Speaking of agents — Anthropic just acquired a Seattle startup called Vercept, which built AI that can operate a computer the way a person would. Click, type, navigate, complete tasks inside actual applications. This is the computer-use category, and it's moving fast. What makes this acquisition particularly interesting is the context: Meta apparently poached one of Vercept's founders before the deal closed. So Anthropic moved quickly. And now you've got the two biggest names in frontier AI — Meta and Anthropic — both scrambling for the same capability. The race to build AI that doesn't just answer questions but actually does things is the real competition right now, and Vercept just became a small but telling piece of that puzzle.
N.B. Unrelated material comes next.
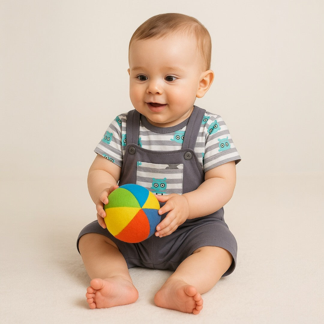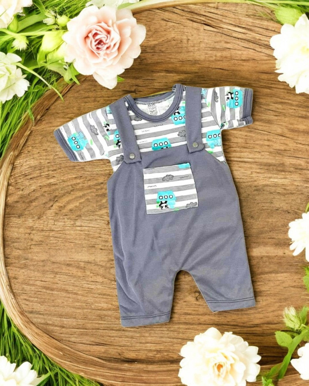 Este conjunto es la combinación perfecta de comodidad y ternura. Su diseño en tonos grises con estampado de autos le da un toque moderno y divertido.

Google, meanwhile, is pulling its robotics moonshot — a unit called Intrinsic — back under the main corporate roof after five years as an independent Alphabet project. Which sounds like administrative housekeeping until you realise what it signals. Google is done letting physical AI sit off to the side as an experiment. They're folding it into the core business, which means it gets resources, it gets integration, and it gets treated as a real product priority. The phrase being used is "physical AI" — the idea that intelligence needs to exist in the world, not just on a screen. Between this and the computer-use agent arms race, the through-line is clear: the next phase of AI isn't about better chatbots. It's about AI that acts.
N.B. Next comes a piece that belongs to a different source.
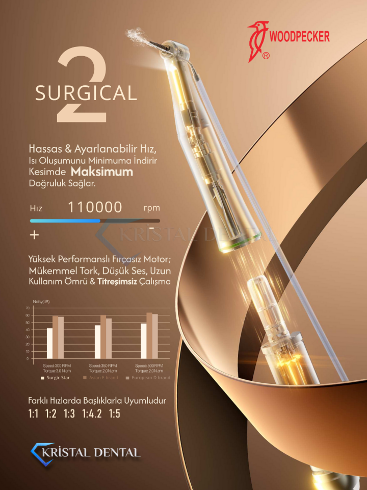 "Surgic Star, tek bir platformda yüksek güçlü motor teknolojisi, hassas kesim destek sistemi ve akıllı kontrol modlarını bir araya getiren, profesyonel kullanım için geliştirilmiş çok fonksiyonlu bir dental cihazdır. Farklı uygulama senaryolarına uyum sağlayan yapısı sayesinde kontrollü, dengeli ve stabil bir çalışma deneyimi sunar.

Now. CBGB. Fifty years ago this year, a former marine and folk singer named Hilly Kristal opened a grimy bar in Manhattan's East Village and somehow stumbled into hosting the Ramones, Blondie, Television, Talking Heads — the entire foundation of American punk and new wave. There's a 101-track box set out celebrating it. And yes, by all accounts the bathrooms were absolutely rank. But what CBGB represents is something the music industry keeps forgetting and keeps having to rediscover: scenes happen in uncomfortable rooms with terrible margins and no algorithm pointing anyone there. The streaming era has given artists global reach and given them almost nothing in return per play. Spotify just announced it paid out over £860 million for UK artists' music last year, which sounds enormous until you do the per-stream math. And separately, a court just overturned a 138% rate hike that BMI tried to impose on concert promoters. Everyone in the music business is fighting over the same shrinking pie. CBGB thrived because nobody was trying to monetise it properly. There's a lesson in there somewhere.
That's your Thursday. Don't let anyone tell you the bathrooms have to be clean for something important to happen.